--- RAW DATA ---

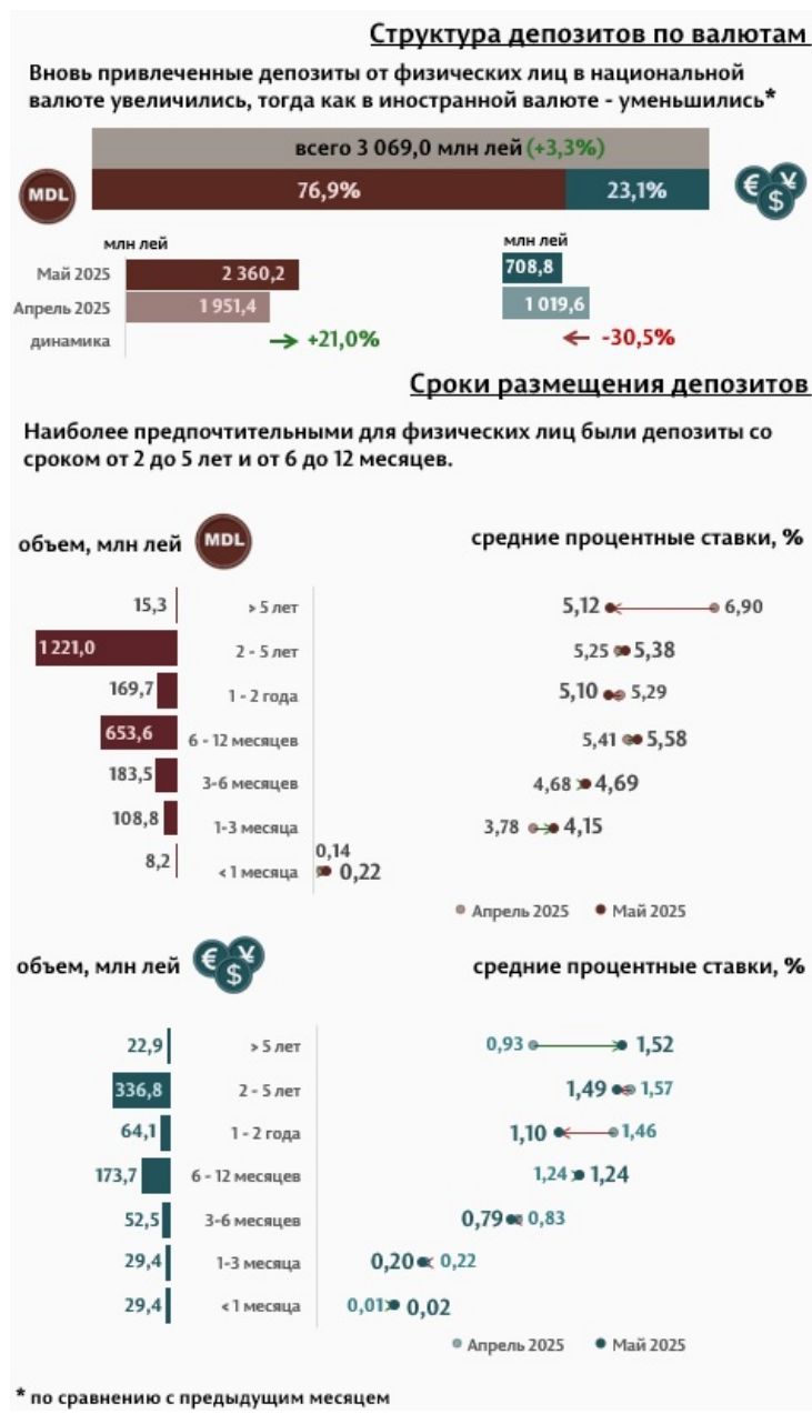
Инфографика 2. Вновь привлечённые срочные депозиты от физических лиц

В отчётном месяце депозиты физических лиц составили 3 069,0 миллиона леев, увеличившись на 3,3% по сравнению с предыдущим месяцем (Инфографика 2). Наиболее востребованными были депозиты со сроком от 2 до 5 лет и депозиты со сроком от 6 до 12 месяцев, составившие соответственно 50,8% и 27,0% от общего объёма депозитов физических лиц. По сравнению с маем 2024 г., объём вновь привлечённых депозитов от физических лиц в национальной валюте увеличился на 76,2%, тогда как в иностранной валюте – уменьшился на 4,2%.
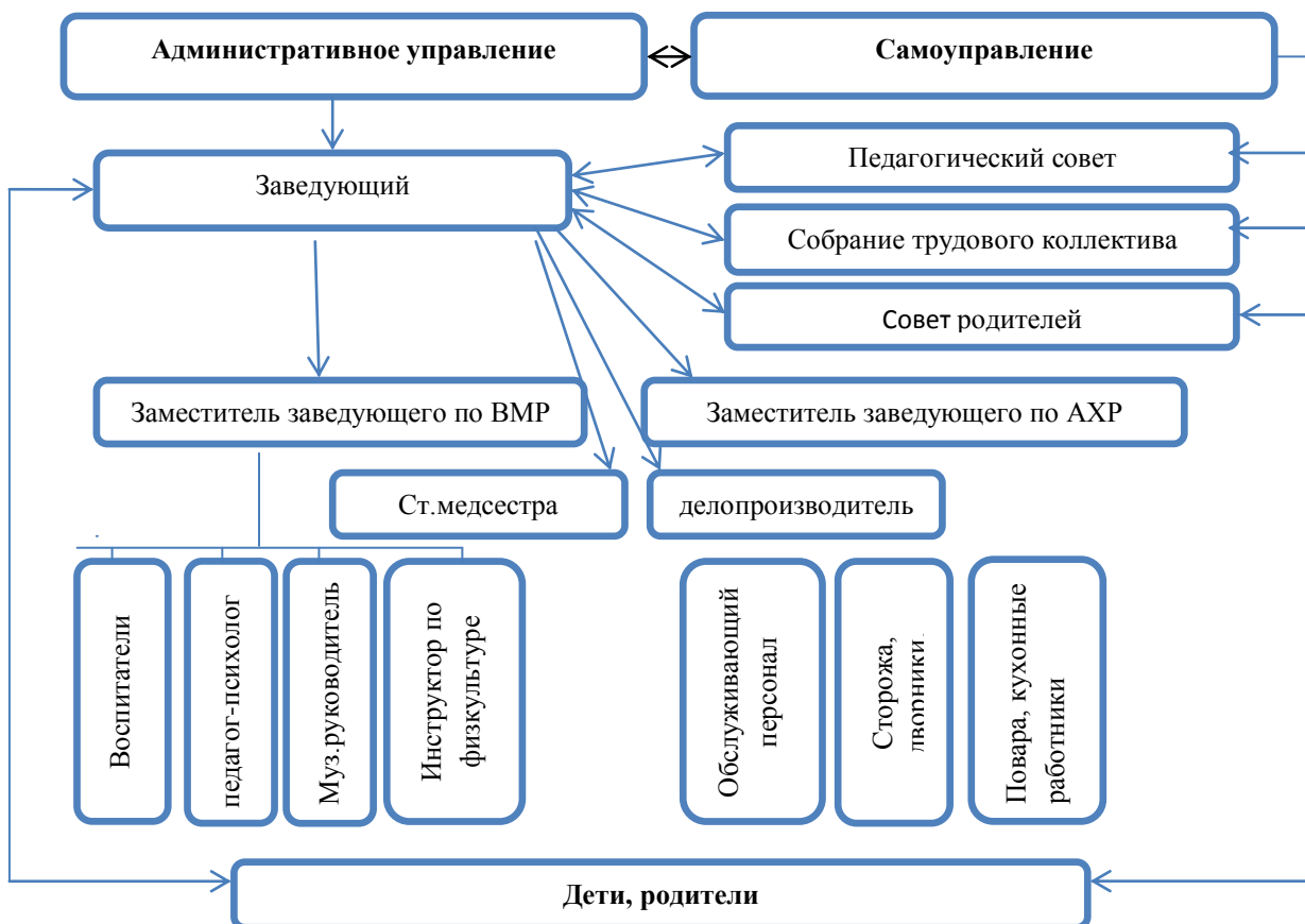
Рисунок 1 – Система управления детского сада № 146 «Калинка»

Действующая организационно-управленческая структура направлена на повышение имиджа учреждения, выполнение социального заказа, улучшения условий пребывания детей, повышение качества образовательных услуг (Рисунок 1).

---

EXERCISE AIM »
Go line by line through the material above and return each one that includes "Рисунок".

RESPONSE AREA »
Рисунок 1 – Система управления детского сада № 146 «Калинка»
Действующая организационно-управленческая структура направлена на повышение имиджа учреждения, выполнение социального заказа, улучшения условий пребывания детей, повышение качества образовательных услуг (Рисунок 1).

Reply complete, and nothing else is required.